Und diese Zugewandtheit hat ihn, gepaart mit reichlich Talent natürlich,
weit gebracht: Zwei Deutsche Fernsehpreise und zwei Grimme-Preise hat er
für seine beiden Serien gewonnen, die einen neuen Ton in die deutsche
Fernsehunterhaltung gebracht haben, einen unverkrampften, lässigen,
antielitären, eben irgendwie amerikanischen und trotzdem eigenen.
"Mein Ziel ist immer, dass jeder meine Bücher versteht", sagt Dagtekin.
"Ich möchte gern für Leichtigkeit trotz Anspruch stehen." Wobei Anspruch
für ihn weniger mit Fremdwörtern zu tun hat als mit seiner eigenen
Arbeitshaltung: "In kreativen Fragen bin ich ein Kontrollfreak." Deswegen
hasst er es auch, wenn Schauspieler improvisieren: "Jeder Gag muss sitzen.
Und in 95 Prozent der Fälle ist das, was sie draus machen, nicht witzig."
Bora Dagtekin ist ein Fan der Serien von J. J. Abrams, "Lost" und "Alias" –
als Vorbild würde er den perfektionistischen US-Kollegen trotzdem nicht
bezeichnen. Und in Deutschland? Da fällt ihm erst recht keiner ein: "Es
gibt ehrlich gesagt sehr wenig hier, was ich richtig gut geschrieben
finde."
Es ist leicht, Dagtekin für ein arrogantes Großmaul zu halten, damit würde
man ihm aber nicht gerecht. Schließlich hat er geschafft, was nur den
wenigsten Drehbuchautoren gelingt, kein austauschbarer Schreibsklave zu
sein, eine Marke zu werden. Die Bücher zur dritten Staffel von "Doctor's
Diary", mit der RTL heute Abend die ewige Balz zwischen der leicht
übergewichtigen Assistenzärztin Gretchen Haase (Diana Amft) und ihrem
schwer selbstverliebten Kollegen Marc Meier (Florian David Fitz) fortsetzt,
hat Bora komplett allein geschrieben, "weil keine Autoren verfügbar waren,
die so gut sind, dass es am Ende eine Hilfe ist. Der Ton wird so speziell
gewünscht vom Sender, dass man es sofort merkt, wenn ich es nicht selber
schreibe."
Mit erst 32 hat Bora Dagtekin sich längst unentbehrlich gemacht – und sein
Einfluss auf "Doctor's Diary" geht dabei weit über das Liefern der
Geschichten hinaus. So war er etwa wie auch schon bei "Türkisch für
Anfänger" am Casting beteiligt – "die Achse Autor-Cast ist relativ wichtig,
aber vernachlässigt in Deutschland, schließlich lege ich den Schauspielern
meine Worte in den Mund" - und redet auch beim Schnitt mit.

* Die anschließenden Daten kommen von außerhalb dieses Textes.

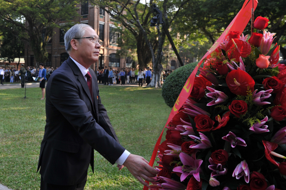 校党委副书记国亚萍、校园发展与管理委员会主任冯双、中山医学院党委书记吴忠道、珠海校区管委会主任陈有志分别主持广州校区南校园、东校园、北校园和珠海校区的敬献花篮仪式。各职能部门代表、教师代表、学生代表等观礼。

## Schrittweise Kompetenzerweiterung
"Mittlerweile ist es für mich selbstverständlich, dass ich, wenn ich etwas
aufschreibe, auch wissen will, wie es am Ende aussieht", sagt er. Räumt
aber auch ein, dass "der Weg zu dieser Selbstverständlichkeit insgesamt
sechs Staffeln gedauert" hat. Ob seine schrittweise Kompetenzerweiterung
wirklich so reibungslos verlaufen ist, wie er es darstellt – allenfalls an
"ein, zwei Diskussionen" wegen der unüblichen Präsenz des Autors im Schnitt
erinnert er sich –, wissen nur die Beteiligten.
"Wer eine Stimme hat und die benutzt, wird auch gehört", sagt Dagtekin, der
für Indiskretionen nicht zu haben ist, dafür ist er viel zu
geschäftstüchtig. Die Redaktion von RTL lobt er über den grünen Klee – oh…
dass man danach gefragt hätte: "Ich hab noch nicht den Albtraum erlebt, von
dem alle immer sprechen. Ich find RTL sogar ziemlich cool." Privat guckt er
allerdings eher ProSieben, wegen des männlicheren Profils: "Eigentlich
schade, dass ich noch keine Serie für die gemacht hab." Sein Zielpublikum
bei RTL sei eindeutig weiblich, um die 40, "aber ich achte schon drauf,
dass man ,Doctor's Diary' auch als Mann gucken kann, ohne zu kotzen."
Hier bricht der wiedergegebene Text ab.